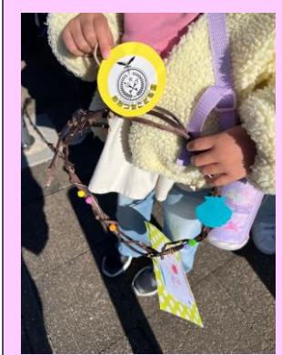
サツマイモのツルの再利用。とても素敵なりーヌの完成です☆
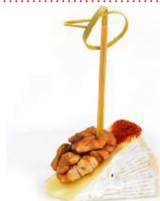
КАНАПЕ С ГРЕЦКИМ ОРЕХОМ И СЫРОМ БРИ
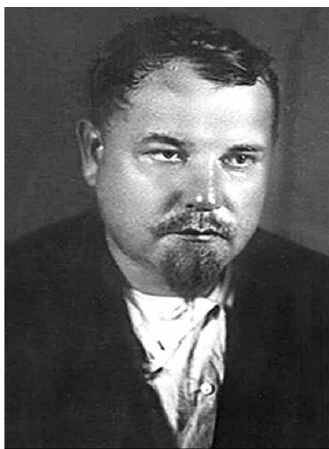
Медведь Филипп Демьянович, начальник ЮГПУ ДС (Южное горно-про- мышленное управление Дальстроя) 1930-е гг.

Медведь Филипп Демьянович, род. в 1890 г. в дер. Мосево (Белоруссия). Член РСДРП(б) с 1907 г. С 1909 г. четырежды арестовывался царской охранкой. В октябре 1917 г. участвовал в подготовке вооруженного восстания в Москве, входил в состав военно-революционного комитета Сокольнического района. С 1918 г. – член Контрольной комиссии ВЧК, председатель Тульской и Петроградской ЧК, начальник особого отдела Западного фронта, член коллегии ВЧК, заместитель председателя Московской ЧК, начальник Московского губернского отдела ГПУ, полномочный представитель ВЧК по Западному краю.
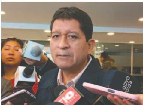
El senador del MAS, Adolfo Flores

Flores señaló que ya hubo acercamientos con tres o cuatro organizaciones políticas, pero se limitó a detallar el caso del MTS. "Entiendo que, por ejemplo, el Tercer Sistema ha pedido una cuota muy alta
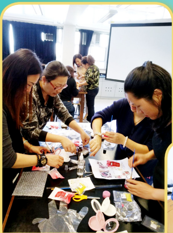
家長們投入製作唇膏，慢慢把口紅調出來！

一年一度的「家長教師會旅行日」已順利舉行，一行百多人乘船遊覽鴨州、吉澳、東坪洲，觀賞香港獨有的天然景色、品嚐鮮味漁村菜餚，一同舒展身心，渡過美滿的週末。
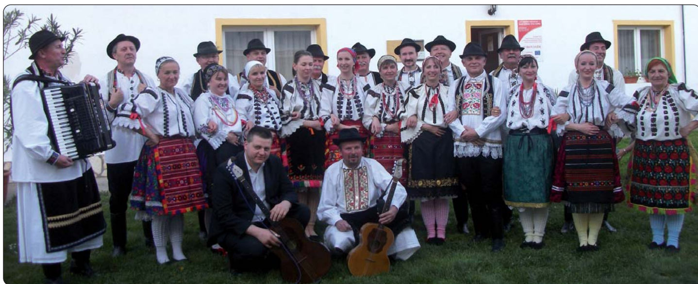
KUD Ladislava Matuška nastupio je na ovogodišnjem Narodnosnom danu.
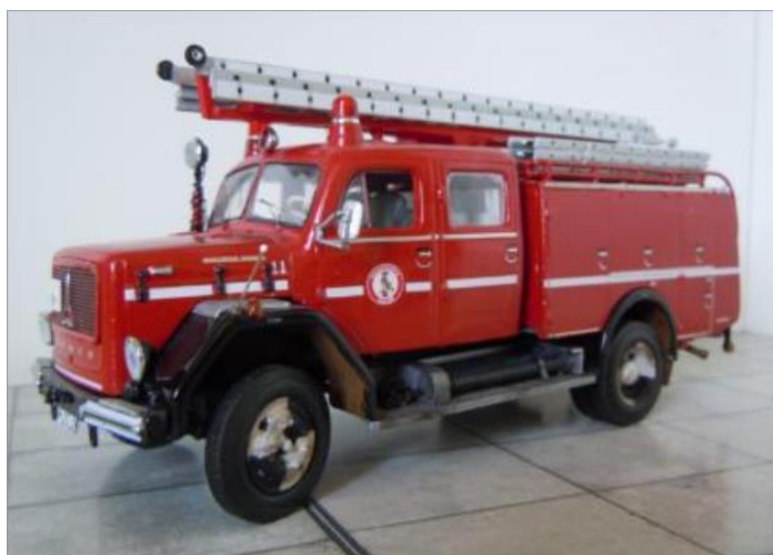
Släckbil nr 11. Magirus Deutz 150 1968.
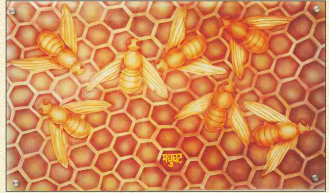
‘मधमाश्यांसारखी’ माणसं जमविली ४३ वर्षे. त्यातून उभा राहिला शहर बँकेचा ‘मधुघट’. परदेशी कलाकाराचे काचेतील म्यूरल.
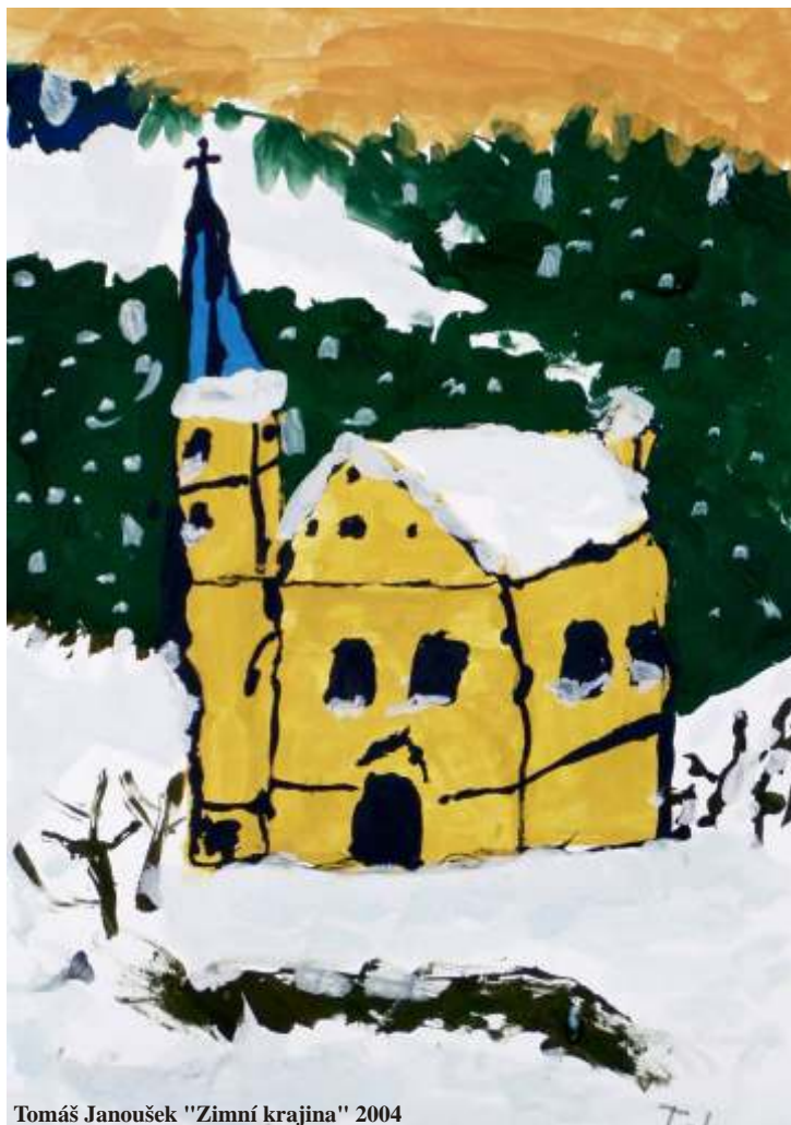
Tomáš Janoušek "Zimní krajina" 2004

Poznámka: Tomáš je stipendistou Celosvětového sdružení malujících úst a nohama, které je v České republice zastoupeno Nakladatelstvím UMŮN.

● ● ●

Copy each line of the listing above that includes the word "начальник".

Медведь Филипп Демьянович, начальник ЮГПУ ДС (Южное горно-про- мышленное управление Дальстроя) 1930-е гг.
Медведь Филипп Демьянович, род. в 1890 г. в дер. Мосево (Белоруссия). Член РСДРП(б) с 1907 г. С 1909 г. четырежды арестовывался царской охранкой. В октябре 1917 г. участвовал в подготовке вооруженного восстания в Москве, входил в состав военно-революционного комитета Сокольнического района. С 1918 г. – член Контрольной комиссии ВЧК, председатель Тульской и Петроградской ЧК, начальник особого отдела Западного фронта, член коллегии ВЧК, заместитель председателя Московской ЧК, начальник Московского губернского отдела ГПУ, полномочный представитель ВЧК по Западному краю.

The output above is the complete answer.